Work instructions: Print only the lines below from the one with "Gri ve kahverengi" to the one with "Polizei zu stellen.", both included, exactly as they stand. Leave pictures out.

Input:
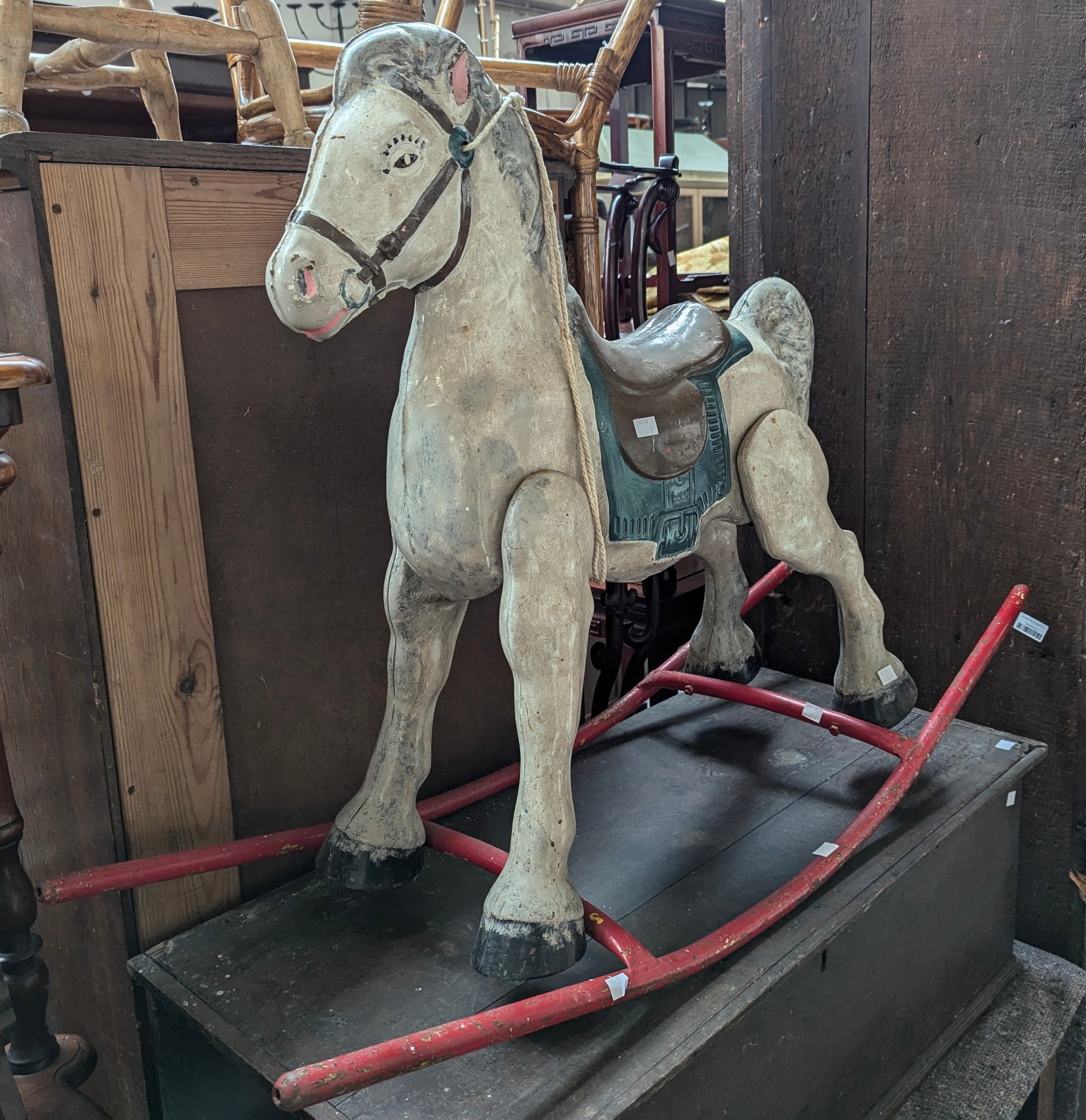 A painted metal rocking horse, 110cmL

---

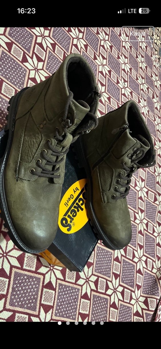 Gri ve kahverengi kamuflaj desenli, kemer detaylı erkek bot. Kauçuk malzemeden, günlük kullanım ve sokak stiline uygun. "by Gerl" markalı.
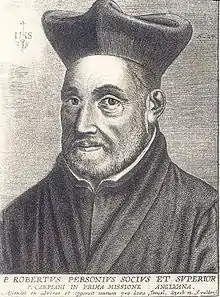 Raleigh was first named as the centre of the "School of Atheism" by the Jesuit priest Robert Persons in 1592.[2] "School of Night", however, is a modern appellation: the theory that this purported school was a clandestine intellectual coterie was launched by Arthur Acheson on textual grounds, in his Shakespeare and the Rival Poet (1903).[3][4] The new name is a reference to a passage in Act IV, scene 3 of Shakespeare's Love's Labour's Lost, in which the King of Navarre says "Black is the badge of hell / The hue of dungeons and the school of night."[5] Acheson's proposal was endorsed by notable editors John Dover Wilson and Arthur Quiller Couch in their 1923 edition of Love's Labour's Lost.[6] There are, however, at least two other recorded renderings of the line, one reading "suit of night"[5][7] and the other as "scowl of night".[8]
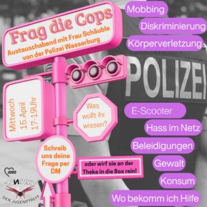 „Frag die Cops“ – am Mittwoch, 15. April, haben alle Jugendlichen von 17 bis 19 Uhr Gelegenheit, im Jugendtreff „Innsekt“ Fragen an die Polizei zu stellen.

* * *

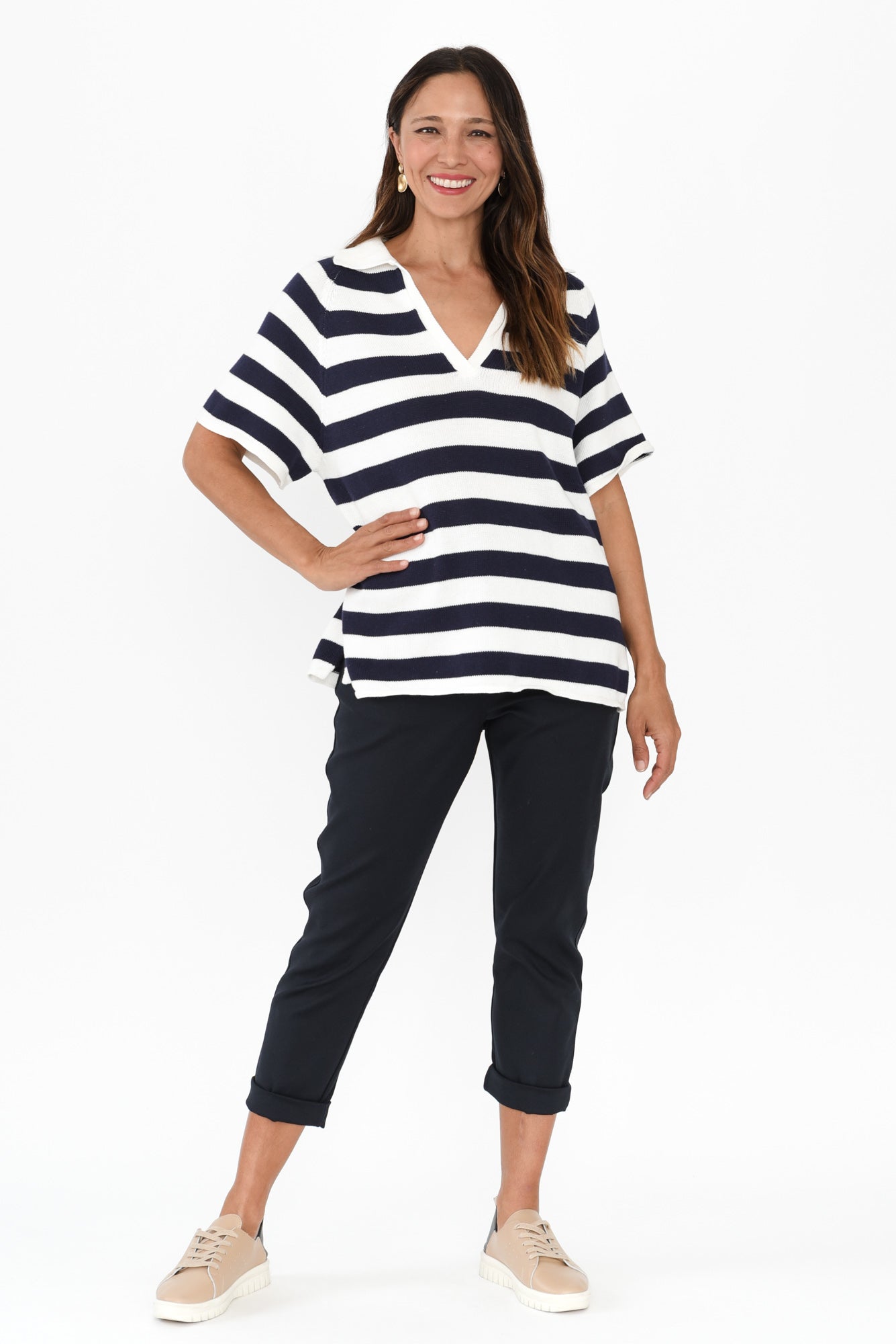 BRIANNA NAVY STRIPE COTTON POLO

Solved exercise:
 Gri ve kahverengi kamuflaj desenli, kemer detaylı erkek bot. Kauçuk malzemeden, günlük kullanım ve sokak stiline uygun. "by Gerl" markalı.
 Raleigh was first named as the centre of the "School of Atheism" by the Jesuit priest Robert Persons in 1592.[2] "School of Night", however, is a modern appellation: the theory that this purported school was a clandestine intellectual coterie was launched by Arthur Acheson on textual grounds, in his Shakespeare and the Rival Poet (1903).[3][4] The new name is a reference to a passage in Act IV, scene 3 of Shakespeare's Love's Labour's Lost, in which the King of Navarre says "Black is the badge of hell / The hue of dungeons and the school of night."[5] Acheson's proposal was endorsed by notable editors John Dover Wilson and Arthur Quiller Couch in their 1923 edition of Love's Labour's Lost.[6] There are, however, at least two other recorded renderings of the line, one reading "suit of night"[5][7] and the other as "scowl of night".[8]
 „Frag die Cops“ – am Mittwoch, 15. April, haben alle Jugendlichen von 17 bis 19 Uhr Gelegenheit, im Jugendtreff „Innsekt“ Fragen an die Polizei zu stellen.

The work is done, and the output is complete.